##### Study material

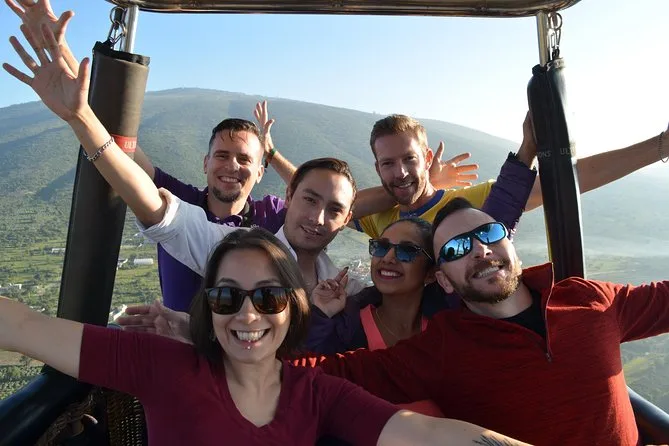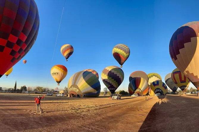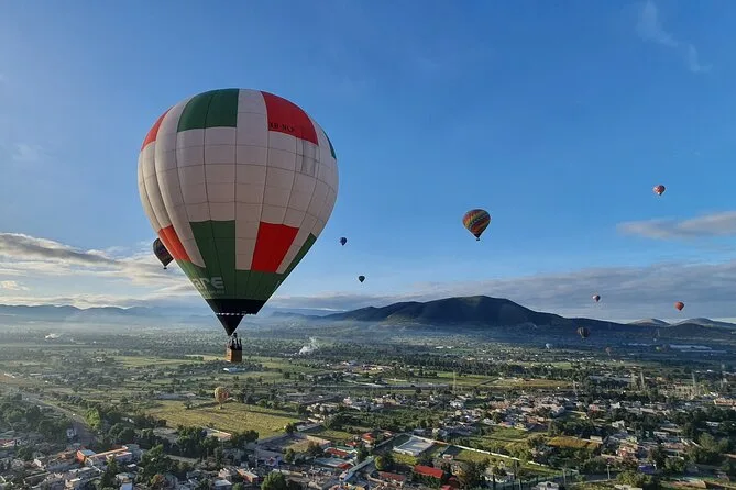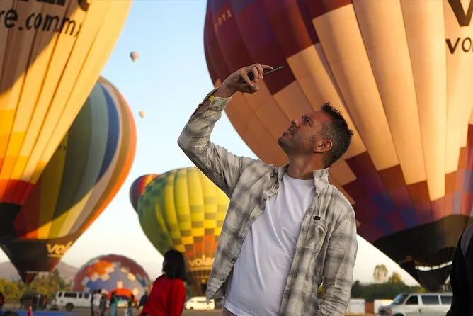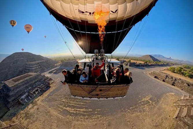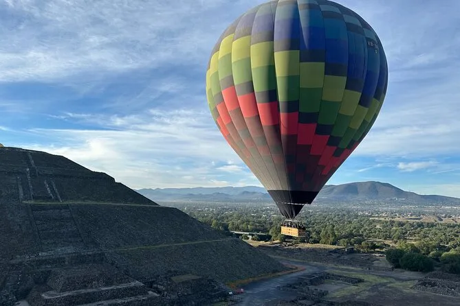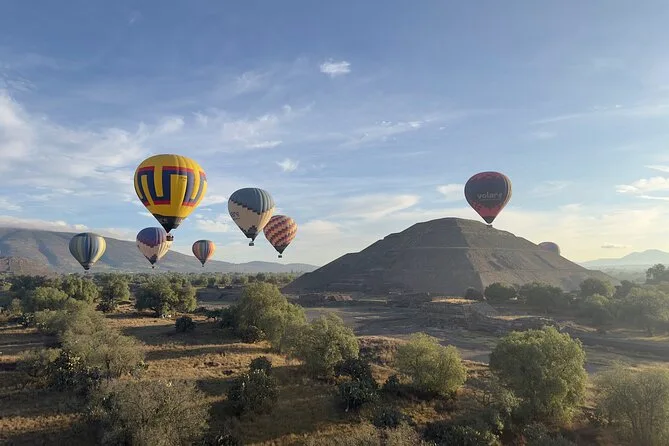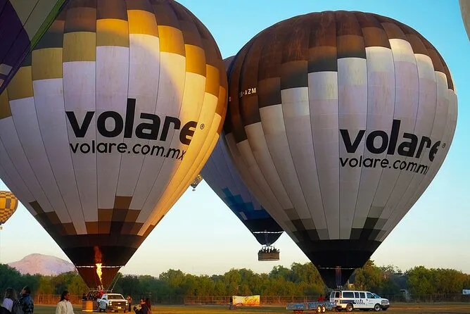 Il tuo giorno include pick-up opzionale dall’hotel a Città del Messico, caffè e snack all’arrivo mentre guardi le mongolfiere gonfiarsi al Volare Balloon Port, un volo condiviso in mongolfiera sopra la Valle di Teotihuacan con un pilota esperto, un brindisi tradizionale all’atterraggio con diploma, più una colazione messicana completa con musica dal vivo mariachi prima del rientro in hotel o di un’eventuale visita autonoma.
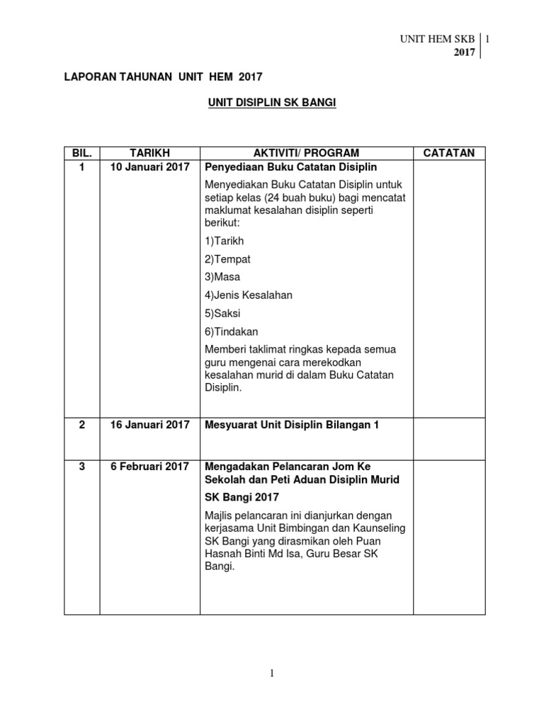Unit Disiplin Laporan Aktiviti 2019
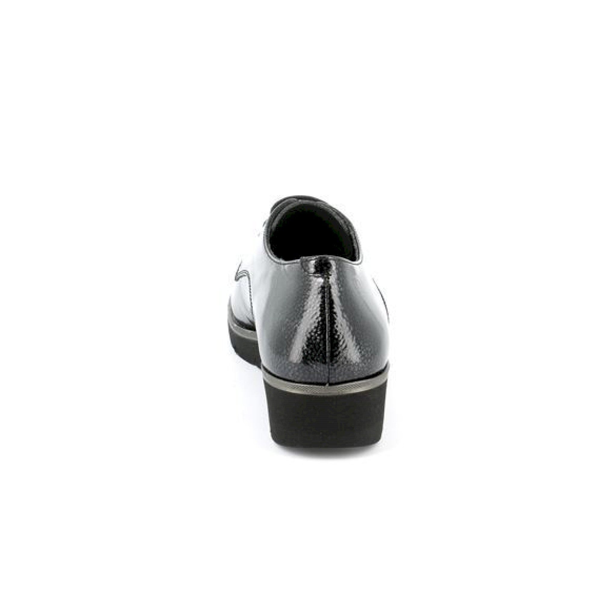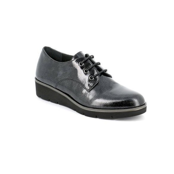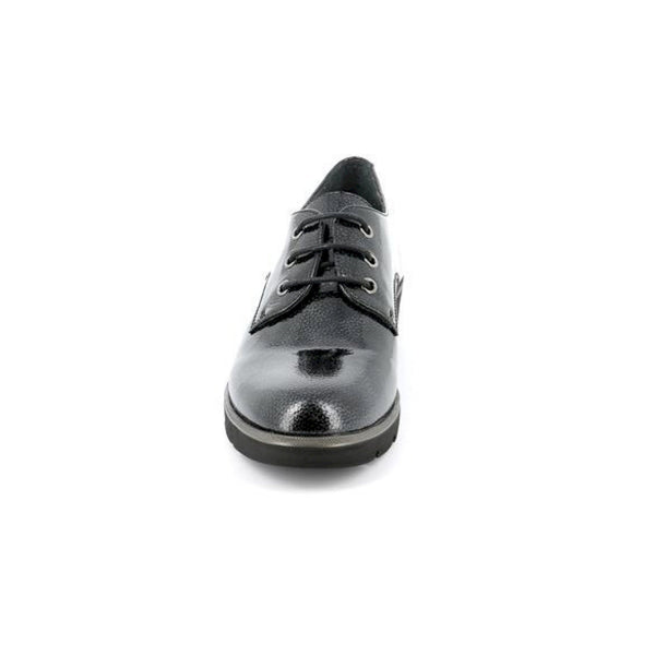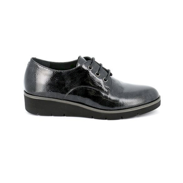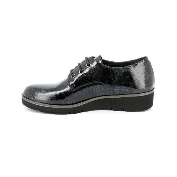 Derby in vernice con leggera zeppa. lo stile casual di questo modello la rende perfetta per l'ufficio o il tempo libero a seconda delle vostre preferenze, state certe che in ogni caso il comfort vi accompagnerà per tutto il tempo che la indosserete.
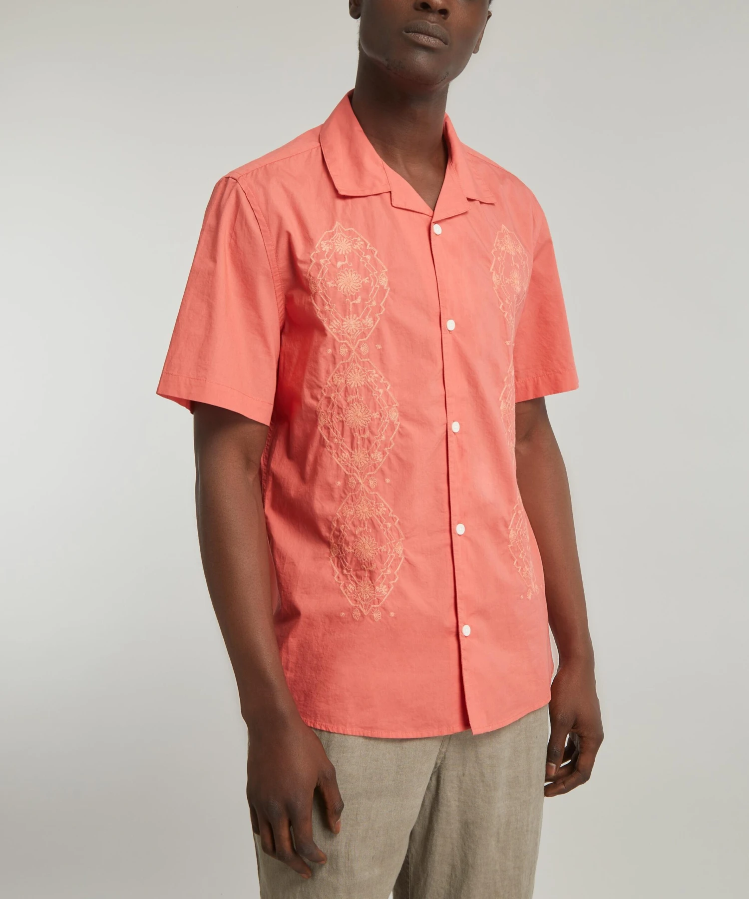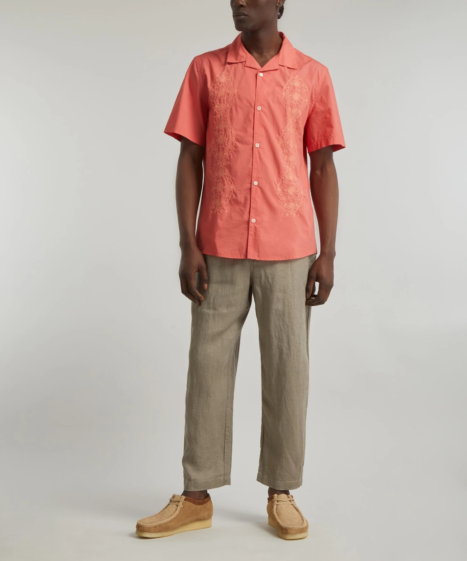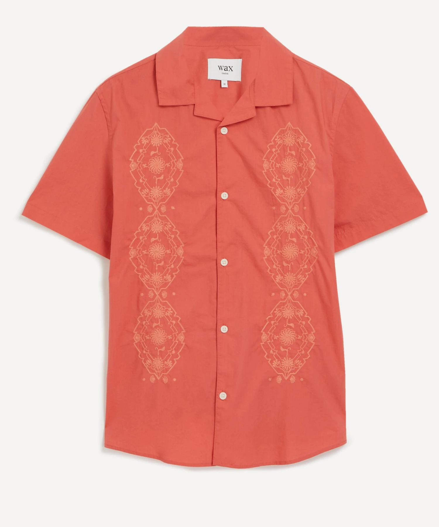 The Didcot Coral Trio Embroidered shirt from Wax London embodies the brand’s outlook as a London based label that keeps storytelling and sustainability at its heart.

##########
##### Study material

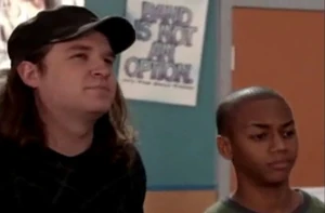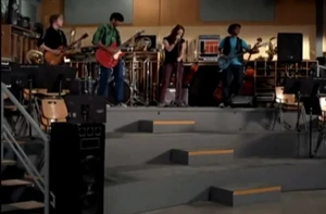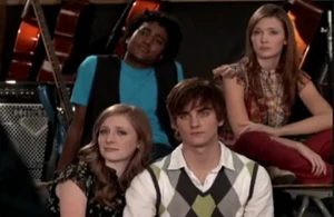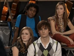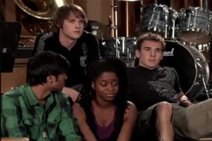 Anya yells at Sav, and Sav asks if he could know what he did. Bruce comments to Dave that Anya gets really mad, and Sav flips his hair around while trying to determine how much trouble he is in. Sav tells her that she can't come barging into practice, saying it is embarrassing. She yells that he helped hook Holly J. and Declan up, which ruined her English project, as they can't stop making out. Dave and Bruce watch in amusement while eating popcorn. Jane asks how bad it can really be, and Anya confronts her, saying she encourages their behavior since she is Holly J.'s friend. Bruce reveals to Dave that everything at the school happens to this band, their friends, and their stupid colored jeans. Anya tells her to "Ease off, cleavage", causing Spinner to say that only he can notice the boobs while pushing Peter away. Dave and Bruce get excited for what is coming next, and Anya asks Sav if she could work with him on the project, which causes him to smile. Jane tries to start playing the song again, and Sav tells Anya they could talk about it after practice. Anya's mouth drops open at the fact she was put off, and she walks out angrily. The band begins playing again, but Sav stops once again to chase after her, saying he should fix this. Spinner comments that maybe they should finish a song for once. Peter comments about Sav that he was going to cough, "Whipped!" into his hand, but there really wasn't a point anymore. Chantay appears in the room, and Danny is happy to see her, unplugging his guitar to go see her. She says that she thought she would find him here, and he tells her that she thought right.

##########

The stretch above running from the line with "Il tuo giorno" through the line with "The Didcot Coral" is all you should copy, exactly, leaving out the pictures.

▸ Reply to the exercise
 Il tuo giorno include pick-up opzionale dall’hotel a Città del Messico, caffè e snack all’arrivo mentre guardi le mongolfiere gonfiarsi al Volare Balloon Port, un volo condiviso in mongolfiera sopra la Valle di Teotihuacan con un pilota esperto, un brindisi tradizionale all’atterraggio con diploma, più una colazione messicana completa con musica dal vivo mariachi prima del rientro in hotel o di un’eventuale visita autonoma.
Unit Disiplin Laporan Aktiviti 2019
 Derby in vernice con leggera zeppa. lo stile casual di questo modello la rende perfetta per l'ufficio o il tempo libero a seconda delle vostre preferenze, state certe che in ogni caso il comfort vi accompagnerà per tutto il tempo che la indosserete.
 The Didcot Coral Trio Embroidered shirt from Wax London embodies the brand’s outlook as a London based label that keeps storytelling and sustainability at its heart.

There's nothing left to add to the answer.